The original code draws every grid point on screen, even the ones that are off the board. When the user zooms out with a dense grid, it can become too dense - the original code turns the grid off in this case.

If the grid is very dense, on a large screen the software render may slow down. This is noticeable in pan and zoom mostly. The bottleneck is the gtk call that draws the grid points: if there are too many of them, it's slow.

New grid

To overcome this problem, pcb-rnd offers configuration settings to limit the number of dots to be drawn. There are mainly two parallel approaches: using a local grid or draw less dots in a global grid . The old code defined only a global grid and did not have runtime settings for the properties of the grid.

There's a new "Grid properties" submenu in the view menu in the default gtk hid menu file. Screenshots were taken with this menu teared-down to demonstrate the settings.

Global grid improvements

The most trivial optimization is that grid points off the board are simply not drawn:

[screenshot showing of grid]

Next, the compile-time configurable "minimum distance between grid points before it is too dense" setting is user configurable now. The default value can be changed in any of the usual configuration sources . However, when the configured density is reached while zooming out, there are two options.

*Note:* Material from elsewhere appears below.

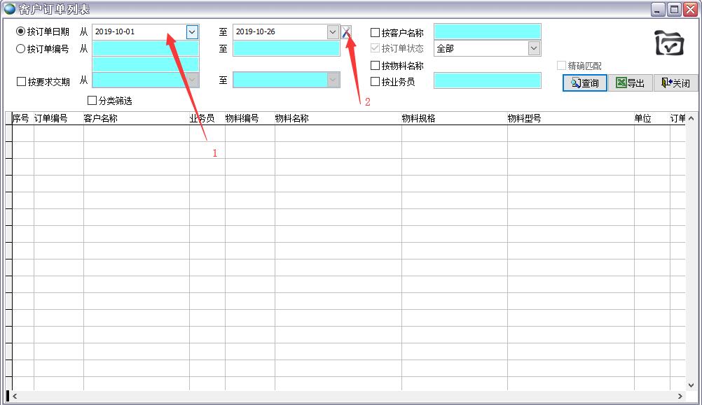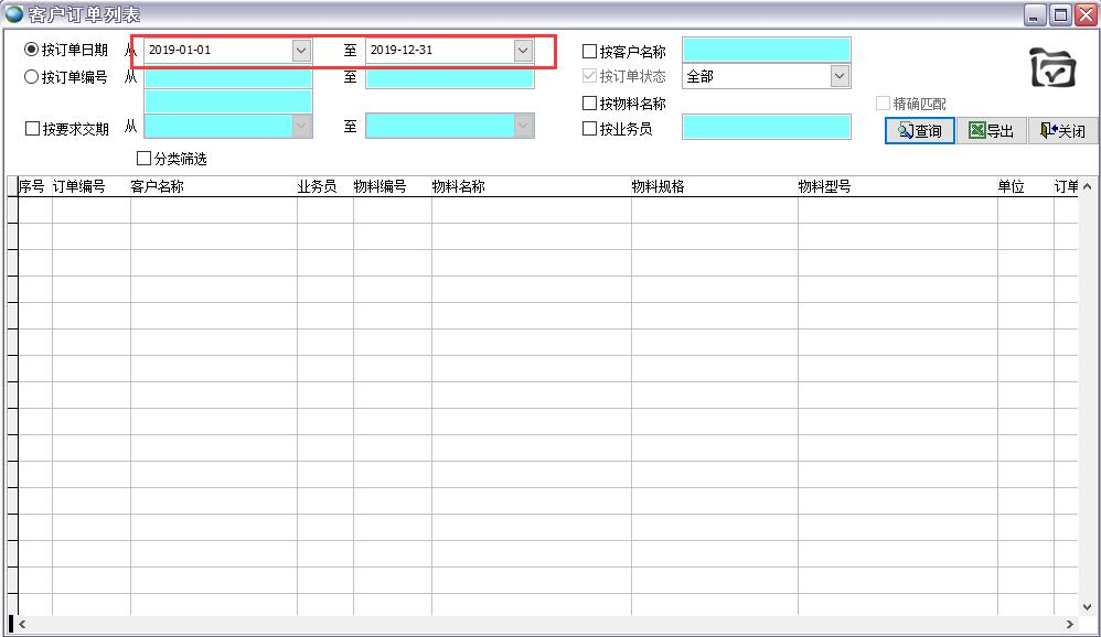 4、重新打開(kāi)客戶訂單列表,默認(rèn)日期為當(dāng)年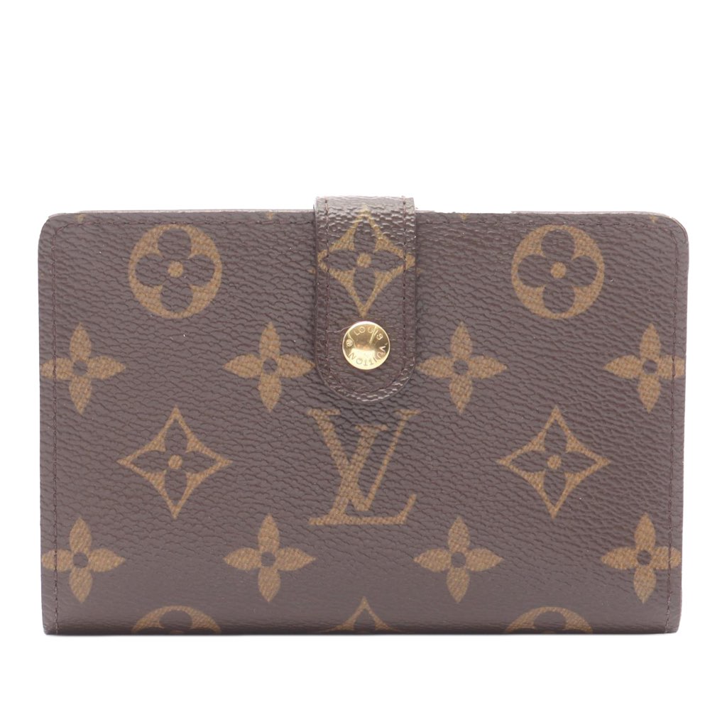 The Porte Monnaie Billets Viennois features a monogram canvas body, a strap with a snap button closure, a back compartment with a kiss lock closure, and interior slip pockets.

The first, default option is to do the same that the original code did: just hide the grid:

[screenshot with grid option menu]

An alternative is to use sparse global grid which means only every 2nd, 3rd, 4th, ... Nth grid point is drawn. The cursor still snaps to every real grid point, so the grid got sparse only on the display. Note how the line is drawn on invisible grid points:

[screenshot with grid option menu]

Introduction of the local grid

Another approach is to use a local grid. The grid helps finding whether existing objects are aligned or where the next move/click would end up. These are usually interesting only in a small range around the crosshair and less interesting on the other end of the board. Local grid draws the grid points only near the crosshair. Such local grid follows the crosshair everywhere:

[screenshot with grid option menu]

The user can configure or interactively set the radius in which the grid points are drawn:

[screenshot with grid option menu]

The radius is given in "number of grid points", thus the local grid yields a constant number of points that is independent of the actual grid size. When a local grid gets too dense, it is hidden - there's no sparse option, since local grids usually have too few points to make reasonable skips.